Natural Language Toolkit (NLTK)
Language is a key component of our ability to understand each other’s views and this capability is being given to machines today. One way of doing this is through natural language processing (NLP), a branch of artificial intelligence (AI) used widely in AI development services, for instance.
NLP enables machines to understand and respond to text or voice data. AI development services will use NLP in speech recognition, word sense disambiguation, sentiment analysis, and natural language generation.
These NLP tasks require the use of a wide range of tools and libraries, which are provided by the Python programming language. These tools and libraries can be found in the Natural Language Toolkit.
The Natural Language Toolkit or NLTK is a leading platform for building Python programmes to work with human language data. It is a free, open source and community-driven project and is suitable for linguists, engineers, students, educators, researchers and industry users like a natural language processing company.
The platform provides interfaces that are easy to use to over 50 corpora and lexical resources as well as a suite of text processing libraries.
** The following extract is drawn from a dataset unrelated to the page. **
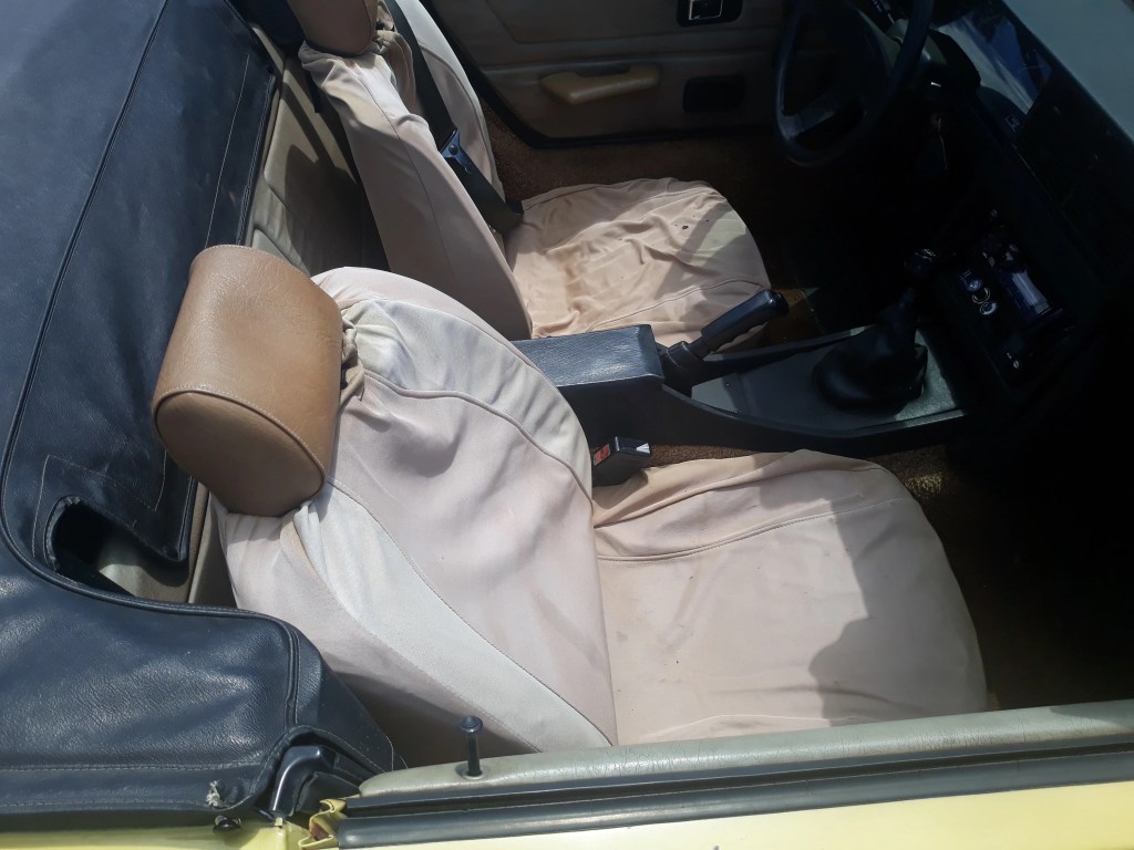 This example at first glance presents fairly well. The paint is shiny and the original wheels look nice. The interior isn’t completely thrashed. Under the hood seems clean but not Armor Mauled. By the pictures we’re looking at some cosmetic requirements to include a bit of upholstery and a headliner, at least a partial paint correction, and sourcing several small trim bits that may or may not still exist in the wild.

The latter is used for classification, tokenisation, stemming, tagging, parsing and semantic reasoning.
NLTK also provides wrappers for industrial-strength NLP libraries and has an active discussion forum and a hands-on guide for the introduction of programming fundamentals.
There are several things a Natural Language Processing company can do with NLTK. The programme can be used to tokenise and tag text, identify named entities, and display a parse tree.
Widely used today, the beginning of NLTK can be traced back to 2001. Back then, Steven Bird was teaching CIS-530 at the University of Pennsylvania and hired Edward Loper, his start student from the previous offering of the course, as his teaching assistant.
Bird and Loper worked on a plan for developing software infrastructure for NLP teaching that could be easily maintained over time. Loper wrote up the plan and they started working on it immediately. Version 0.2 was released in September 2001.
In 2005, the developers created NLTK-Lite, which was a lightweight version of NLTK. It was simpler and faster than the Natural Language Toolkit. Version 0.9 of NLTK-Lite provided the same functionality of NLTK, but did not impose a heavy burden on the programmer like older versions of NLTK did.
Standard Python objects were adopted instead of custom NLP versions wherever possible so that students learning to programme for the first time would be learning to do so in Python with some useful libraries as opposed to learning to programme in NLTK.
When NLTK-Lite reached version 1.0 in mid-2009, it took over the original NLTK name and became NLTK 2.0
At present, the NLTK project is led by Steven Bird and Lilian Tan, while Dan Garrette maintains semantics, Peter Ljunglöf maintains parsing, Joel Nothman maintains metrics, Mikhail Korobov maintains Python 3, Steven Bird maintains releases, and Alexis Dimitriadis maintains NLTK-users.
Natural Language Processing with Python is a valuable book written by Steven Bird, Ewan Klein and Edward Loper, the creators of NLTK and any Natural Language Processing company will find great use of it.
It is a practical introduction to programming for language processing and guides the readers through the fundamentals of writing Python programmes, working with corpora, categorising text, and analysing linguistic structure.
While the NLTK developers originally planned to produce a second edition, they decided against it.
According to the creators, NLTK will be supported for as long as possible. The toolkit will be supported while the NLTK book, which was published in 2009, is still in active use and the developers are employed in NLP research and teaching.
AI development services as well as a natural language processing company can thus rely on NLTK for short-term as well as long-term projects.
NLTK is an open source project, which means it depends on the efforts of volunteers. Students and teachers donate code and volunteers are encouraged to get involved. Anyone interested in contributing can consult the NLTK list of development priorities and submit a pull request.
Since it is an open source software, the source code is distributed under the terms of the Apache License Version 2.0 and documentation is distributed under the terms of the Creative Commons Attribution-Noncommercial-No Derivs Works 3.0 United States license.
NLTK corpora are distributed under various licenses, which are documented under the respective README files.
In terms of further development, the platform is undergoing continual development, with new models added to the platform and existing modules improved.